*Activity*:
Copy out precisely the lines of the material that follows, beginning with the line containing "融资方面,当日融资买入501" and ending with its last line; exclude pictures.
-*-*-
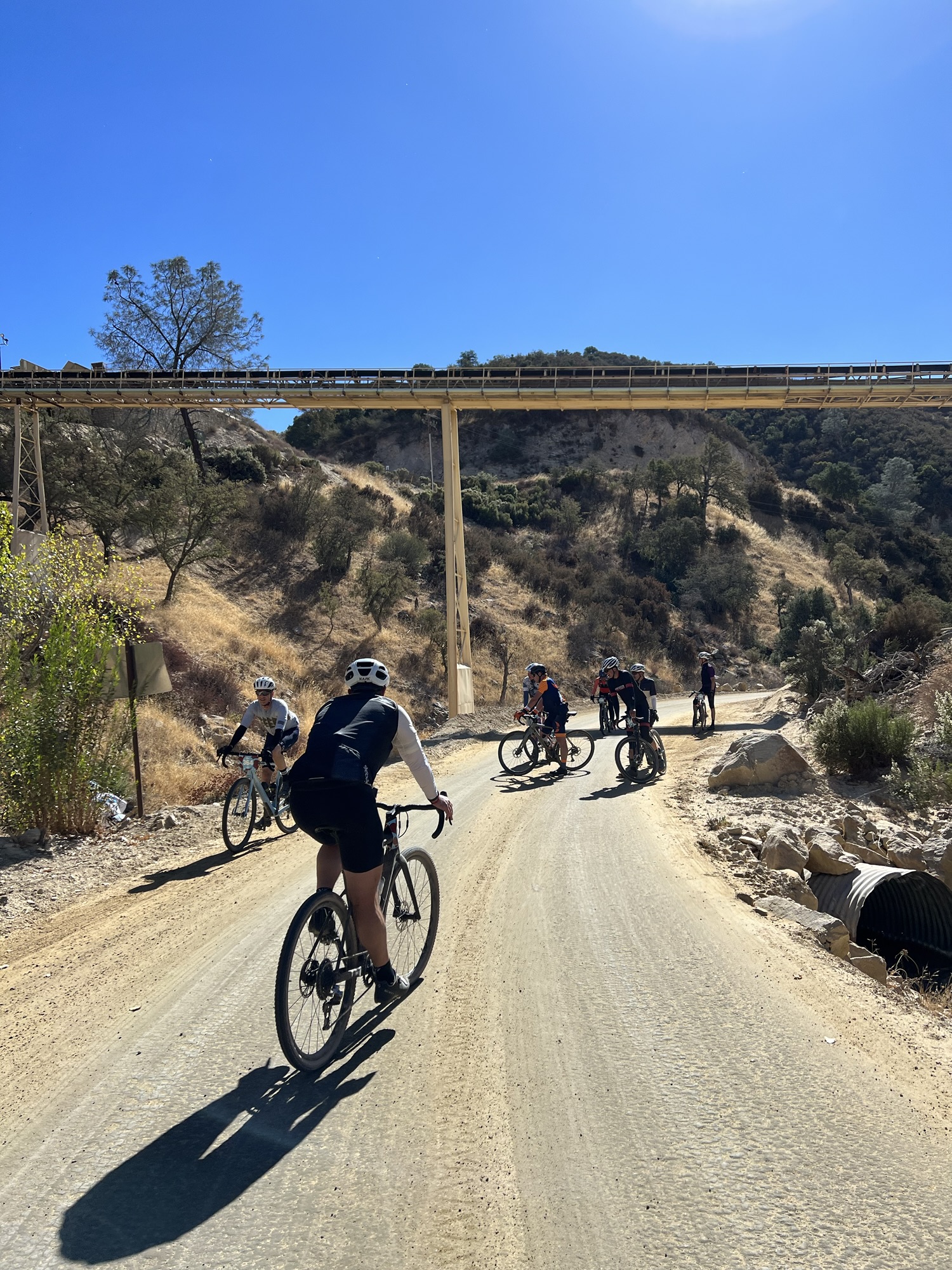 We found where they make the gravel!Back across the valley and into the second loop we find ourselves riding through an active rock quarry. Huge piles of rock, fed by a maze of overhead conveyers, loaded by meandering tractors and trucks… Super cool, but also distracting. Lots of confusion amongst our few dozen riders looking for a key (unmarked) route junction which dipped off the quarry road and across a small creekbed. What followed was hilarious and technically challenging… a segment of flowing single-track pitched up into a single-file scramble up a narrow, deeply-rocky hiking trail.
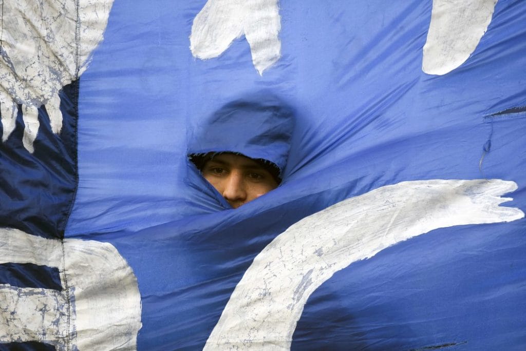 Un manifestante se sumó a una protesta masiva, en junio de 2018, que partió de la provincia de Argentina a la Plaza de Mayo en Buenos Aires para rechazar el crédito del Fondo Monetario Internacional. Credit Eitan Abramovich/Agence France-Presse — Getty Images
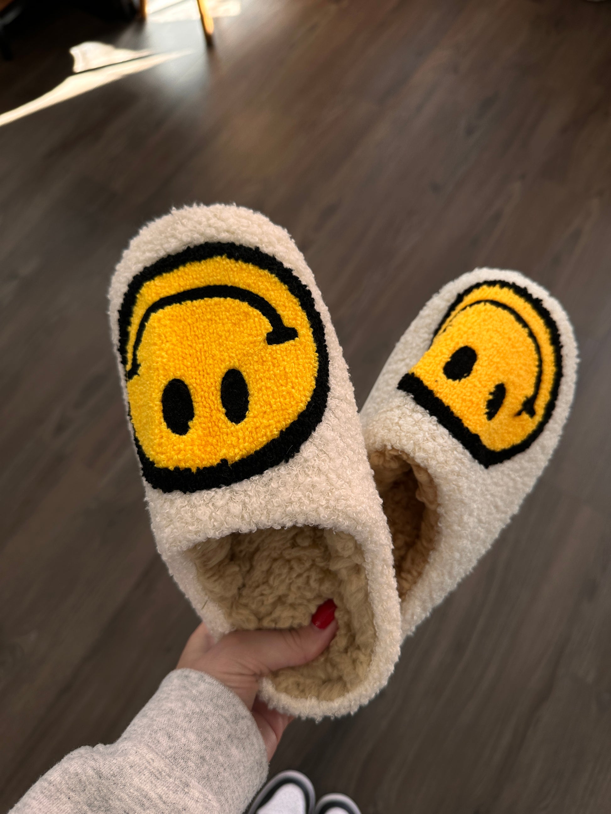 We live for the cozy things... like these sherpa-lined Smiley Face Slippers! Made with the softest boucle and a sturdy rubber sole, they're perfect for walking your dog, grabbing a quick coffee, or spending the day lounging at home!
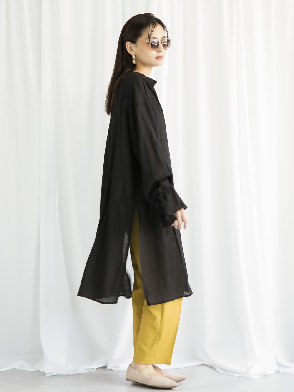 ボリュームスリーブとロング丈がポイントの秋色シャツ。ゆるパンを合わせてナチュラル♪
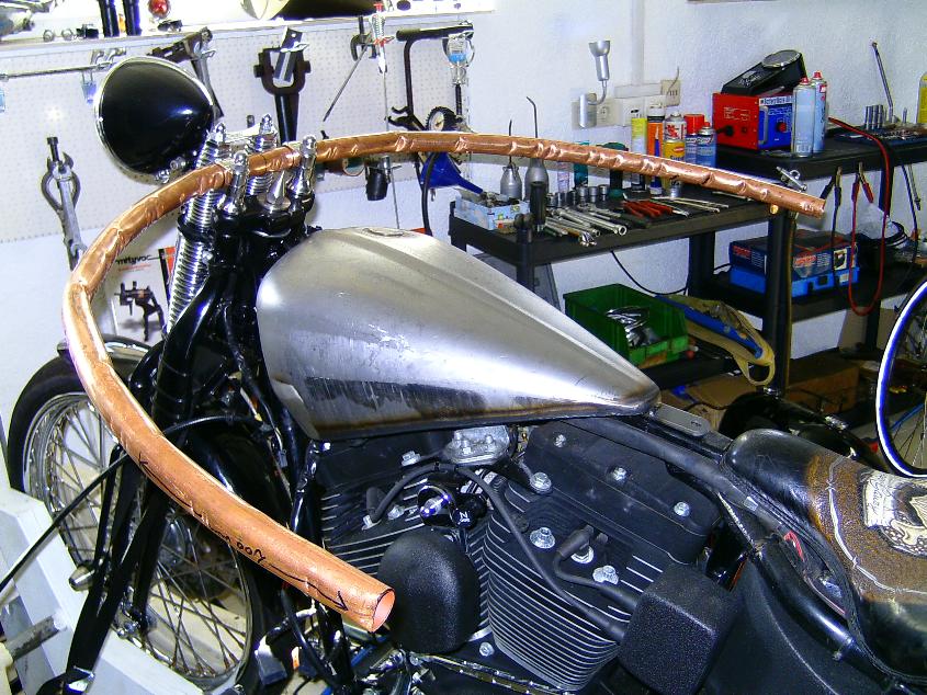 Da ich kein Geld scheißen kann, wird das Grundgerüst jetzt zusammengebaut, gefahren und nach und nach kommen kleine Veränderungen, wie z.B. Tacho, Handschaltung, Fußkupplung, große Ledertasche für den Urlaub oder die kleine Wochenendfahrt nach Schweden, andere Handamaturen usw.
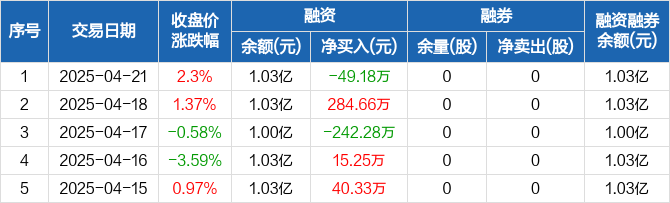 融资方面,当日融资买入501.1万元,融资偿还550.28万元,融资净偿还49.18万元。融券方面,融券卖出0股,融券偿还0股,融券余量0股,融券余额0元。融资融券余额合计1.03亿元。
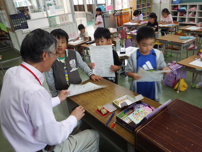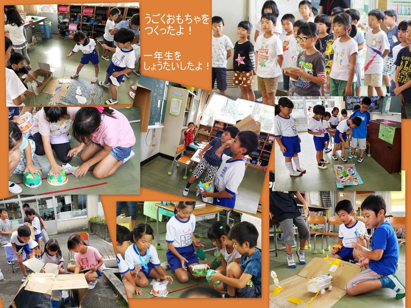 写真は、2年生の生活科『うごくうごくわたしのおもちゃ』発表会の様子です。2年生の子どもたちは、(生活科の時間に製作したおもちゃを、1年生に使ってほしい!)と、発表会の場に1年生を招待しました。大切に大切に、丁寧に丁寧に作り上げたおもちゃです。教科書の設計図を見ながら、ちょっとだけ苦労しながら作り上げたおもちゃです!もちろん、1年生は大喜びしてくれました!2年生になって、またまた大きく成長した2年生です!
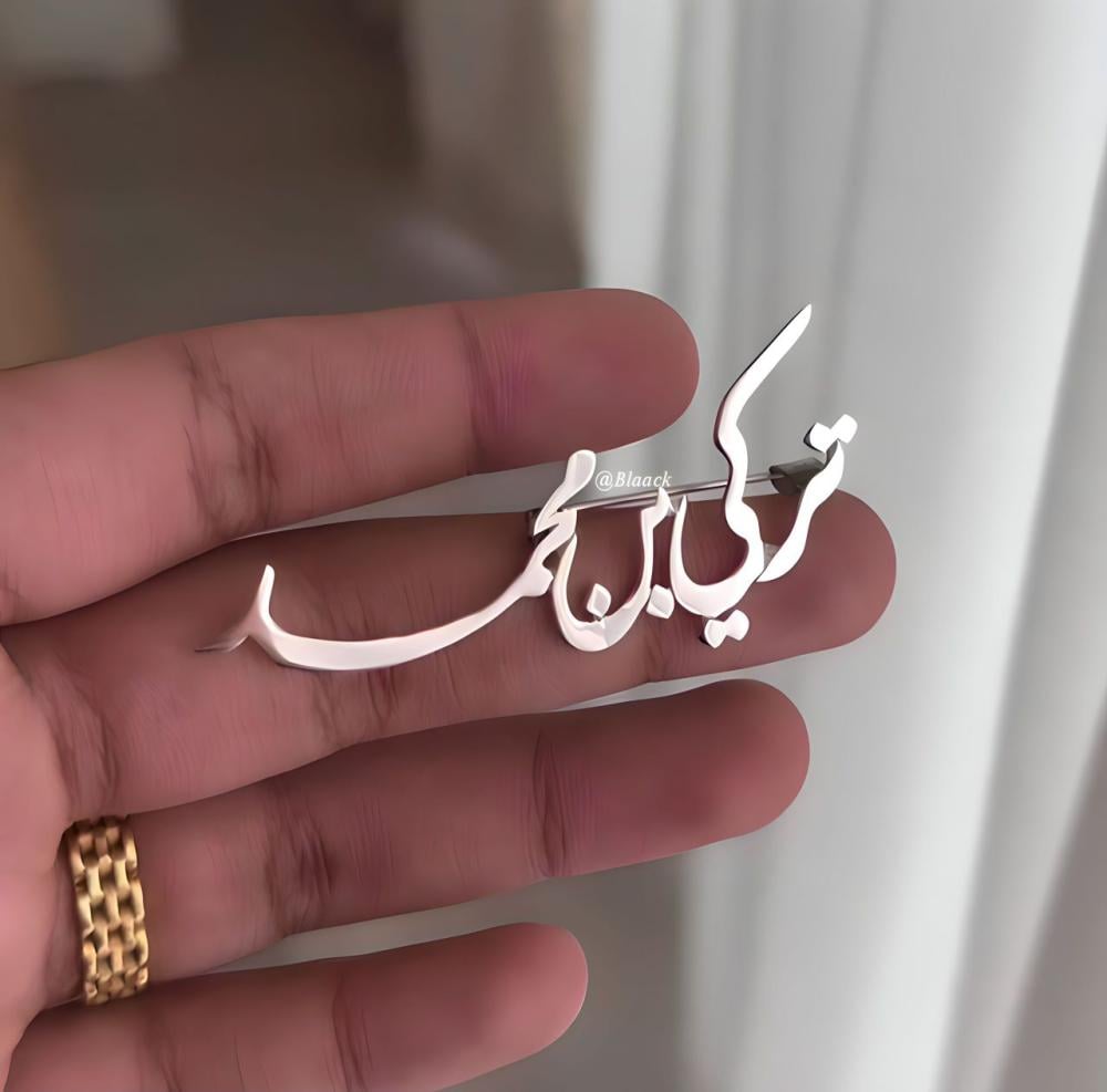 3- حجم البروش ٤سم وقد يزيد او ينقص سانتي حسب حروف الاسم ونوع الخط
-*-*-
*Solution for this problem*:
 融资方面,当日融资买入501.1万元,融资偿还550.28万元,融资净偿还49.18万元。融券方面,融券卖出0股,融券偿还0股,融券余量0股,融券余额0元。融资融券余额合计1.03亿元。
 写真は、2年生の生活科『うごくうごくわたしのおもちゃ』発表会の様子です。2年生の子どもたちは、(生活科の時間に製作したおもちゃを、1年生に使ってほしい!)と、発表会の場に1年生を招待しました。大切に大切に、丁寧に丁寧に作り上げたおもちゃです。教科書の設計図を見ながら、ちょっとだけ苦労しながら作り上げたおもちゃです!もちろん、1年生は大喜びしてくれました!2年生になって、またまた大きく成長した2年生です!
 3- حجم البروش ٤سم وقد يزيد او ينقص سانتي حسب حروف الاسم ونوع الخط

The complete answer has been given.